### WHAT IS REQUIRED
Data follows below. Repeat exactly the lines between the line holding "Aloha Pineapple Flamingo" and the line holding "Richard Kalxdorff aus", inclusive, and nothing more; drop pictures.

### DATASET EXTRACT
=-=-=-=-=
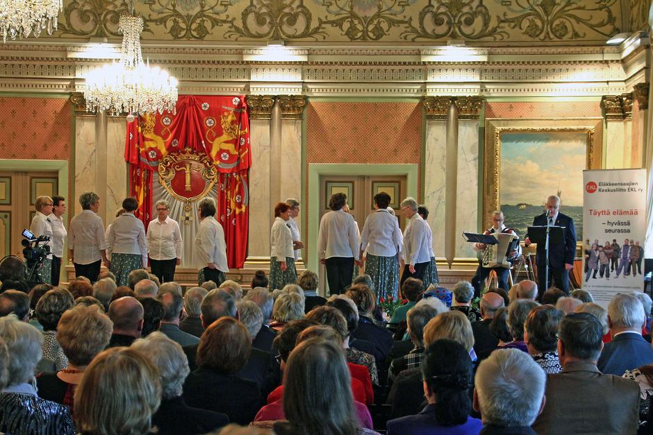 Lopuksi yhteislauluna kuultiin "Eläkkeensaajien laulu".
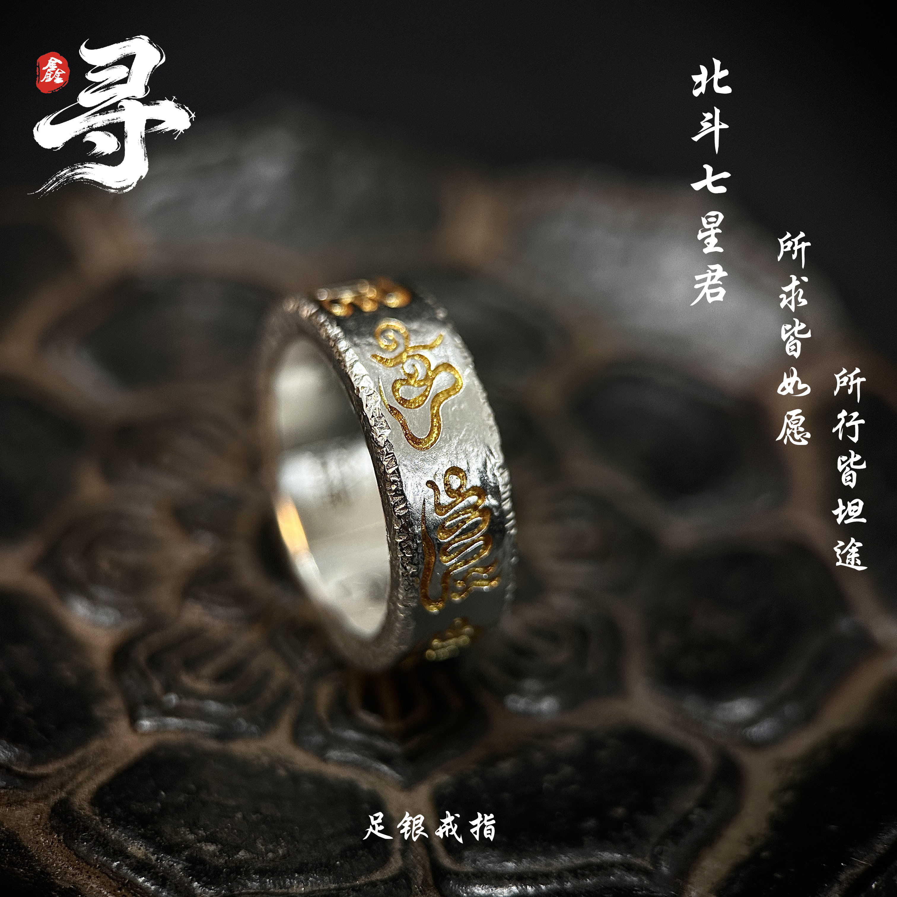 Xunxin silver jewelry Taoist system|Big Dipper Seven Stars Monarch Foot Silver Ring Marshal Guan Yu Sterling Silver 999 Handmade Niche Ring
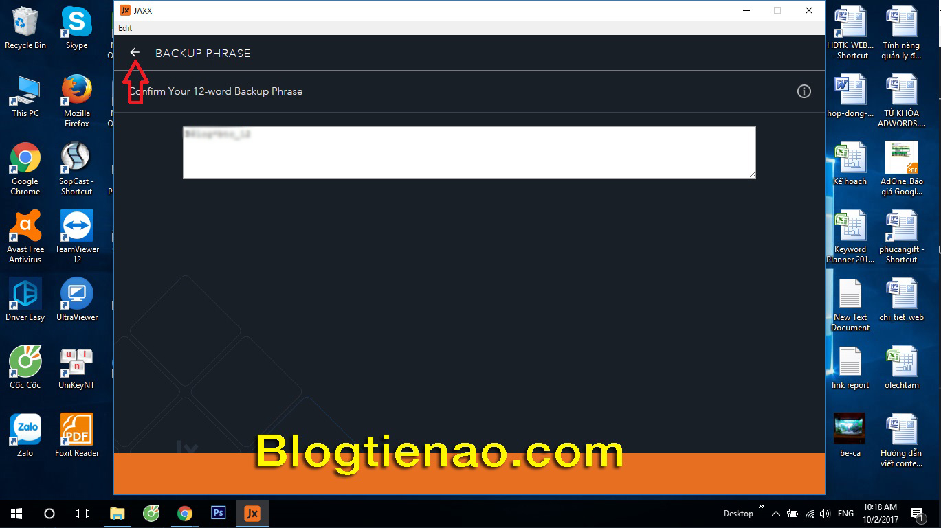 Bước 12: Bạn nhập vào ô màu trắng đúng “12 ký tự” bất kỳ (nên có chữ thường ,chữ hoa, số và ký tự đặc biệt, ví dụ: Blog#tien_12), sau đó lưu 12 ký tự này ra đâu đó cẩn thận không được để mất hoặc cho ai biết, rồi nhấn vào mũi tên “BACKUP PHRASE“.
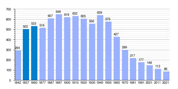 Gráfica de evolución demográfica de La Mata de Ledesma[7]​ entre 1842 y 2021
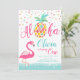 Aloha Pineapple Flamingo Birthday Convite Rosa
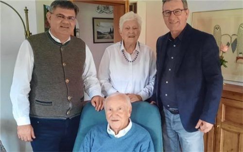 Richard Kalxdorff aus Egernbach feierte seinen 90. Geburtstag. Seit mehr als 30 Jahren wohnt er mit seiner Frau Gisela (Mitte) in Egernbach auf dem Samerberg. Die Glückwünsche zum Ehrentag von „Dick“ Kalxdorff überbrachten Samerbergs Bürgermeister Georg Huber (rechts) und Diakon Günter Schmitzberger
=-=-=-=-=
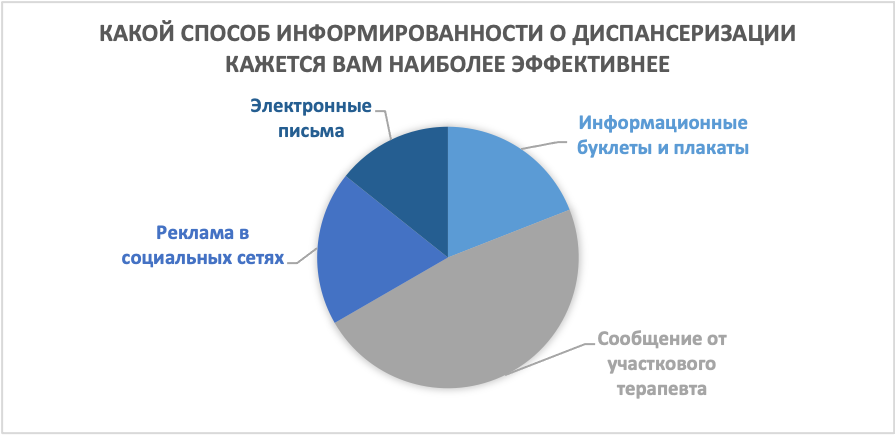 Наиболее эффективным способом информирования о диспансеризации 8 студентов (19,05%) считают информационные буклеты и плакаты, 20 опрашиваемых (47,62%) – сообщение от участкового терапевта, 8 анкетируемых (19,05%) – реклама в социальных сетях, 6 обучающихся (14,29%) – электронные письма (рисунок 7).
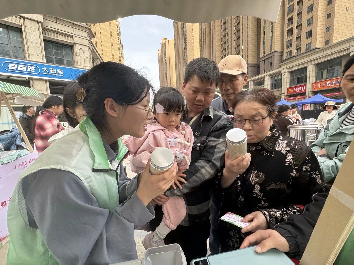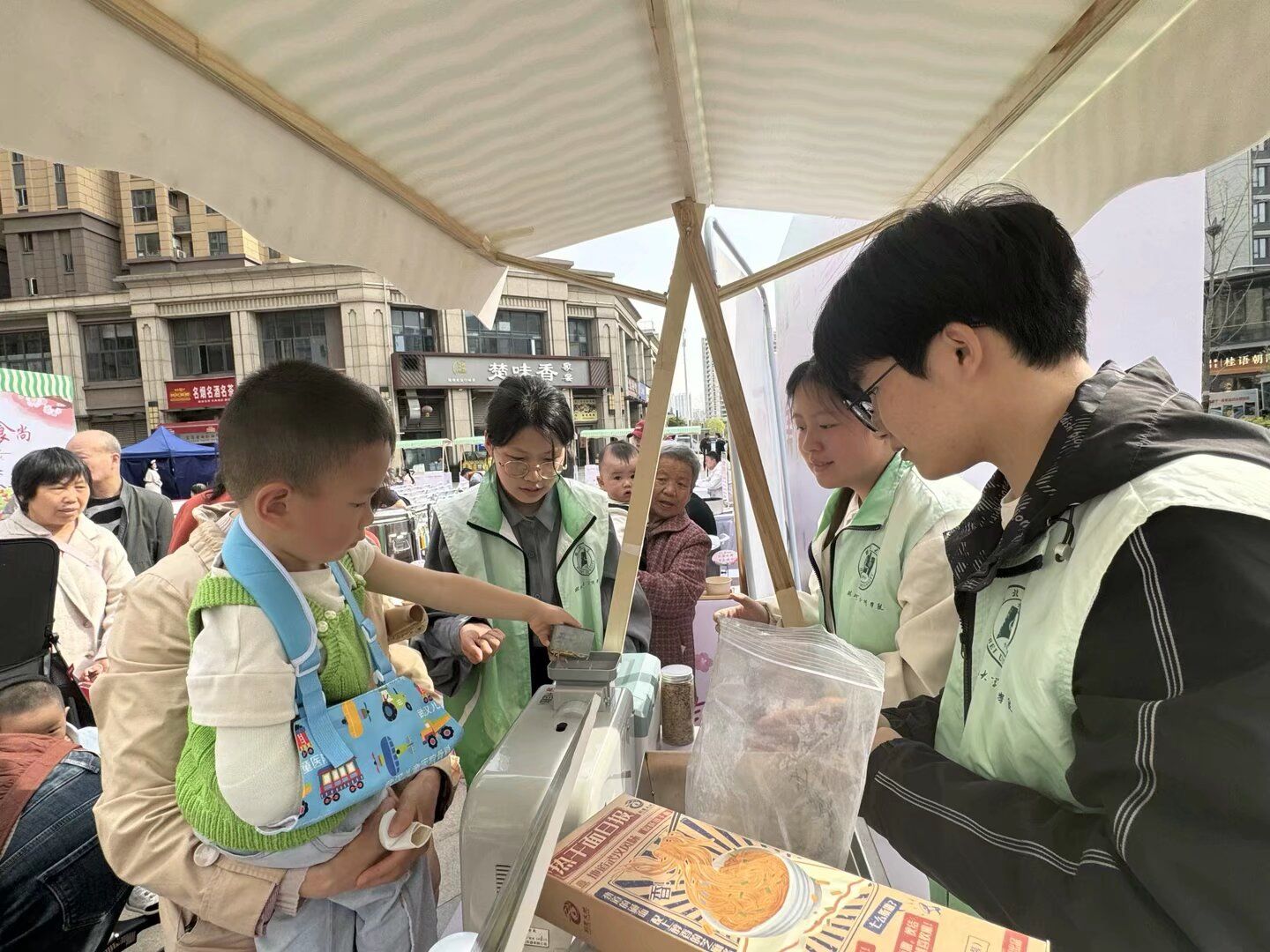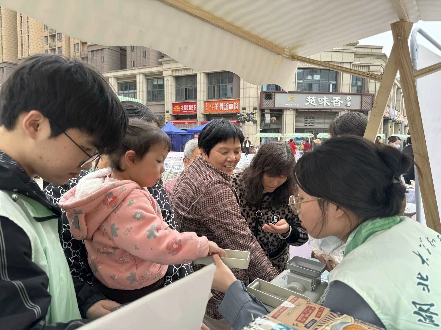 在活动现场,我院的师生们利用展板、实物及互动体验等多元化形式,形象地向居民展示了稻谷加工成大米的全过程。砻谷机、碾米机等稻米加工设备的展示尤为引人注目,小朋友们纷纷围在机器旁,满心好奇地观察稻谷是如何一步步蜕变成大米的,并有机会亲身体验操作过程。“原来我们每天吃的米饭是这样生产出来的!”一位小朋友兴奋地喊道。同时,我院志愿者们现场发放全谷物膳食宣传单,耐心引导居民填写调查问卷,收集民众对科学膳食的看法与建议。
=-=-=-=-=
### RESPONSE FOR THIS EXERCISE
 Aloha Pineapple Flamingo Birthday Convite Rosa
 Richard Kalxdorff aus Egernbach feierte seinen 90. Geburtstag. Seit mehr als 30 Jahren wohnt er mit seiner Frau Gisela (Mitte) in Egernbach auf dem Samerberg. Die Glückwünsche zum Ehrentag von „Dick“ Kalxdorff überbrachten Samerbergs Bürgermeister Georg Huber (rechts) und Diakon Günter Schmitzberger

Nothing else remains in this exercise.